__Task to complete__: Everything from the line that contains "Vůbec první volby" through the last line below should be transcribed exactly, except the pictures.

__Information provided__:
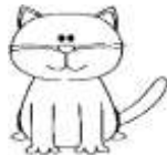
2. Cat : kedi
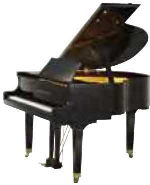
Kayserburg GH160 /A111

Рояль, 160 см, черный, полированный, с банкеткой, вес 295 кг
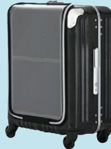
スーツケース用 ソーラー
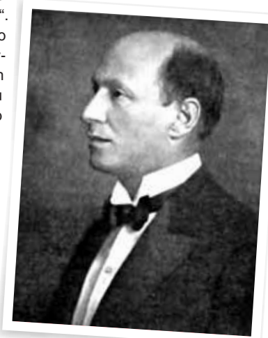
Abd-ru-shin roku 1927, ilustrace z knihy Moniky Schulzeové, „Abd-ru-shin. Autor Poselství Grálu“ , Integrál, Brno 2006

Je přirozené, že na základě duchovního hledání vznikají v každé době nová náboženská hnutí. Jsou tvořena lidmi, kteří jsou nespokojeni s duchovním životem většiny. Každé nové náboženské hnutí tak v sobě obsahuje protest a vůči větší nové společnosti se vymezuje. Jeho stoupenec tento protest vyjadřuje vírou, praktikami, hodnotami, morálkou, životním stylem apod., které jsou odlišné od víry, morálky atd. většiny. Kvůli těmto odlišnostem od toho, co většina běžně považuje za „normální“, bývá protestující hnutí často odsuzováno. Výrazem odsouzení a odmítnutí novoty je slovo „sekta“. Některé takto označené skupiny skutečně mohou být nebezpečné svým stoupenecům nebo jejich okolí. Negativním slovem „sekta“ jsou někdy ale postížena i ta nová náboženská hnutí, která se „neprovinila“ ničím jiným než tím, že jsou nová, jiná a ve společnosti dosud neznámá.
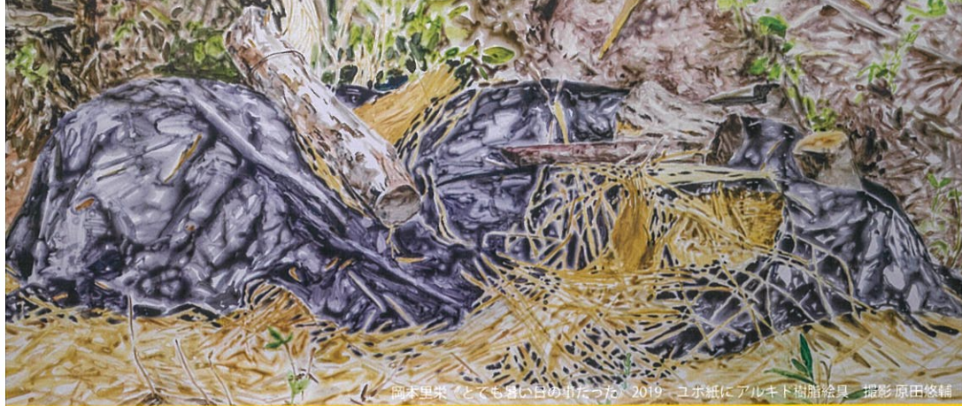
岡本里栄 くとも楽しい日めつたつた。2019。ユホ紙にアルキト樹脂絵具。撮影 原田修輔
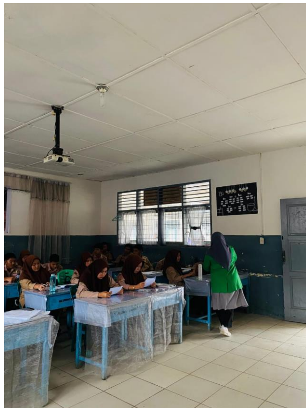
Pembagian kuesioner yang dilakukan oleh penulis kepada siswa dan siswi kelas X SMA N 4 Kota Padangsidimpuan
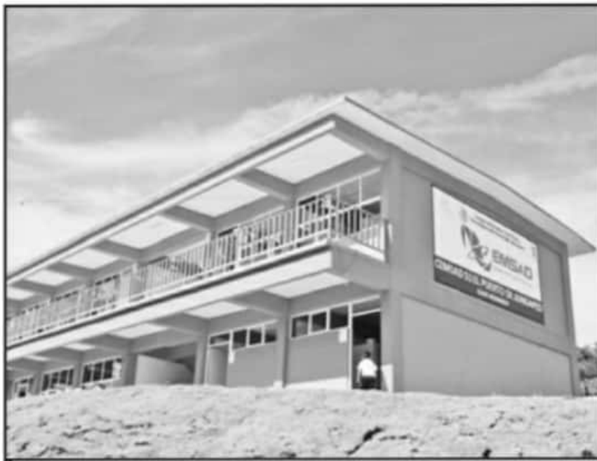
LAS AUTORIDADES EDUCATIVAS REITERARON QUE NO HAY RECURSOS PARA COMPLETAR LOS ADEUDOS AL CECyTEM

el orden de los 15 millones de pesos. Y es que desde el mes de febrero y hasta octubre, la autoridad nunca aplicó en su pago el aumento salarial aprobado para el año.
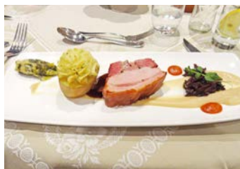
夕食も楽しみです(イメージ)
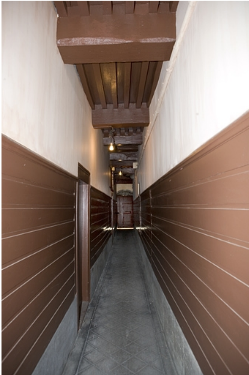
Détail du couloir à gauche du logis principal donnant accès à la première cour.
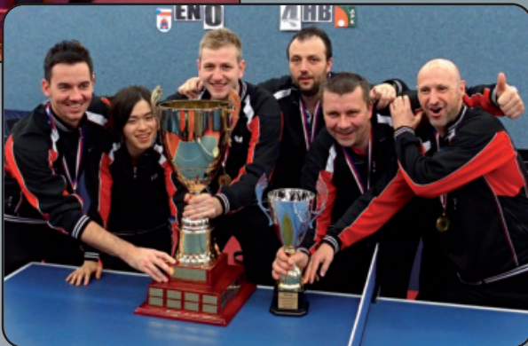
Mistr 2015-2016 STEN mark. HB Ostrov Havlíčkův Brod
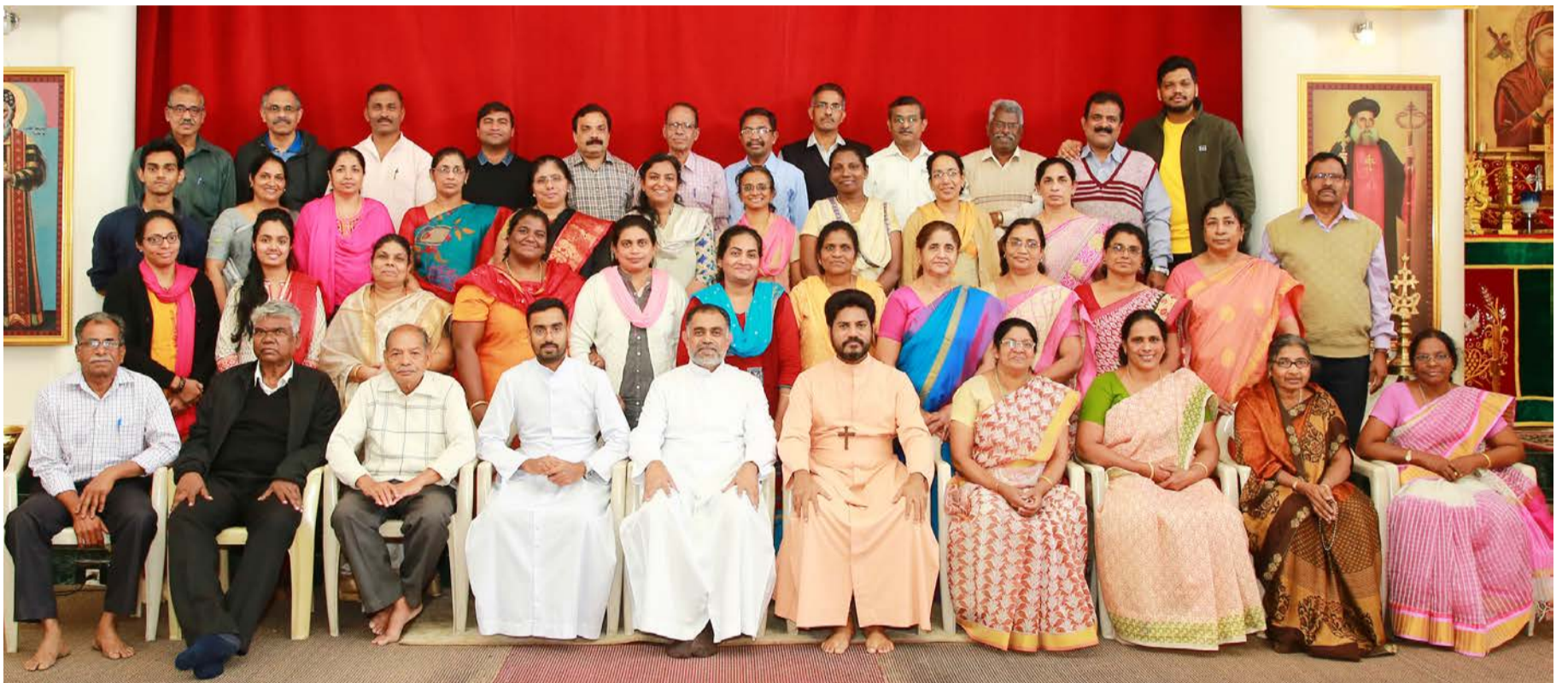
ഭദ്രാസനതല സുവിശേഷസംഘം കയ്കി - പുന ഭദ്രാസനം
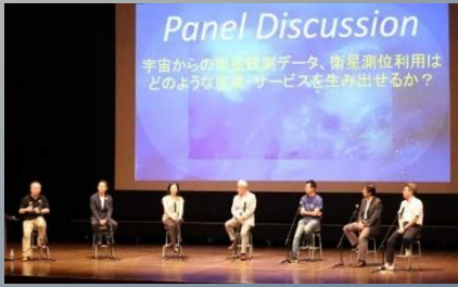
小组座谈会时的场景

计划于2021年6月开幕的第33届宇宙科技及科学的国际学术交流会(ISTS)之大分府大会启动会议于8月9日(周六)和9日(周日)召开。
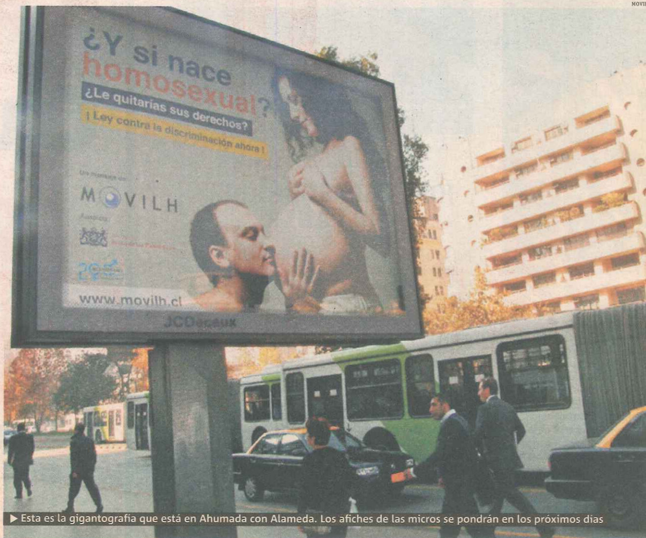
► Esta es la gigantografía que está en Ahumada con Alameda. Los afiches de las micros se pondrán en los próximos días
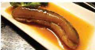
571. 南美急凍天然海參 約1磅 零售價：$132 會員價$96
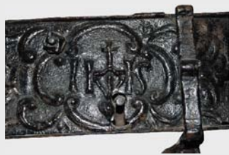
Detail kování zámku v Kapli Matky ustavičné pomoci
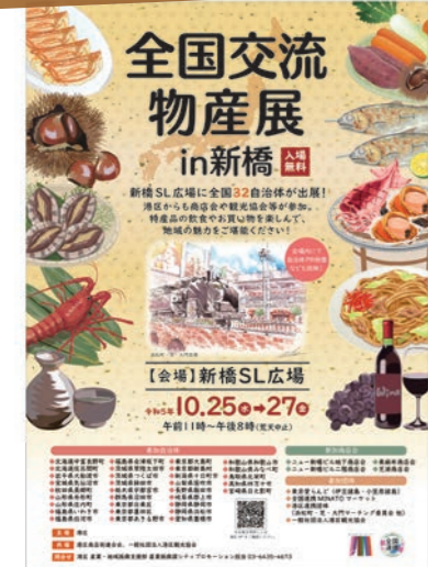
全国交流物産展in新橋のポスター
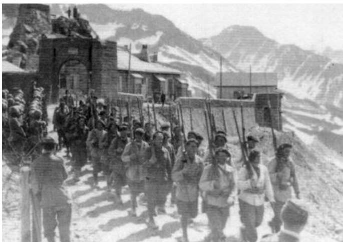
24 juin 1940 : fin de la bataille des Alpes
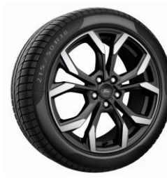
18" ST-Line X Standard
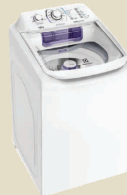
Lavadora Electrolux LED 12 kg
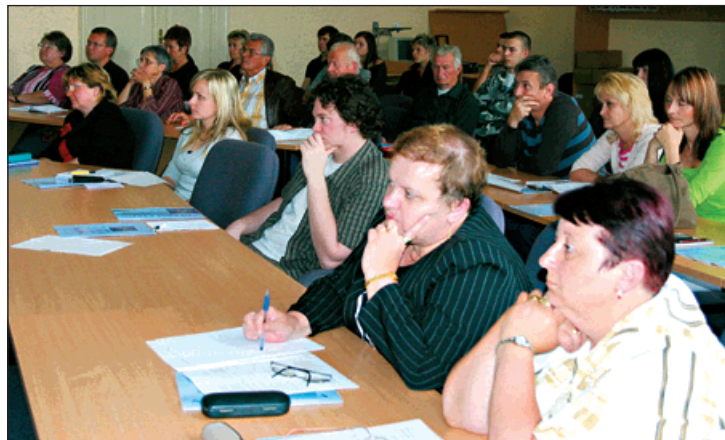
Školení členů okrskových volebních komisí.

Vůbec první volby do Evropského parlamentu v roce 2004 přilákaly v Bohumíně k voleb-
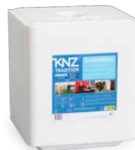
KNZ Tradition Universal Magnum #3042 25kg

Weisser Salzleckstein aus reinem Salz mit mittigem Loch. Der Stein eignet sich für Rinder, Schafe und Ziegen. Die Tiere decken ihren Bedarf an Natriumchlorid selber.
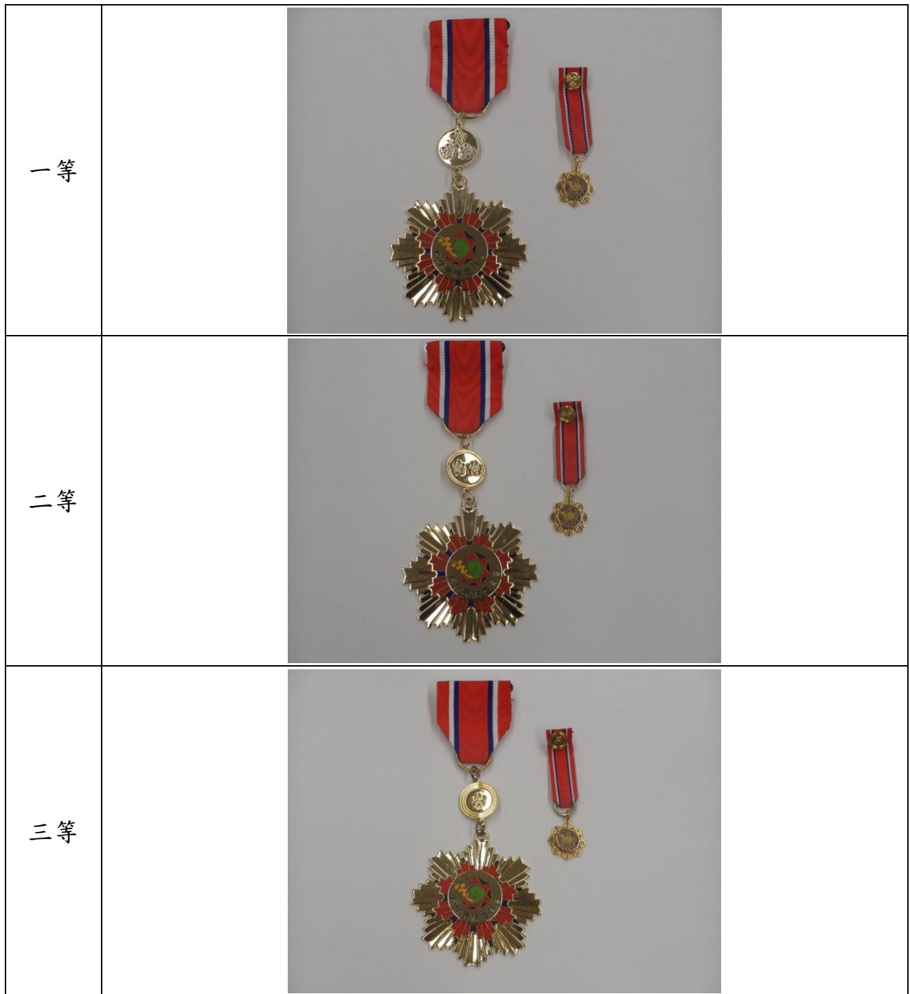
附表二 獎章式樣及圖說

__Output of the exercise__:
Vůbec první volby do Evropského parlamentu v roce 2004 přilákaly v Bohumíně k voleb-
KNZ Tradition Universal Magnum #3042 25kg

Weisser Salzleckstein aus reinem Salz mit mittigem Loch. Der Stein eignet sich für Rinder, Schafe und Ziegen. Die Tiere decken ihren Bedarf an Natriumchlorid selber.
附表二 獎章式樣及圖說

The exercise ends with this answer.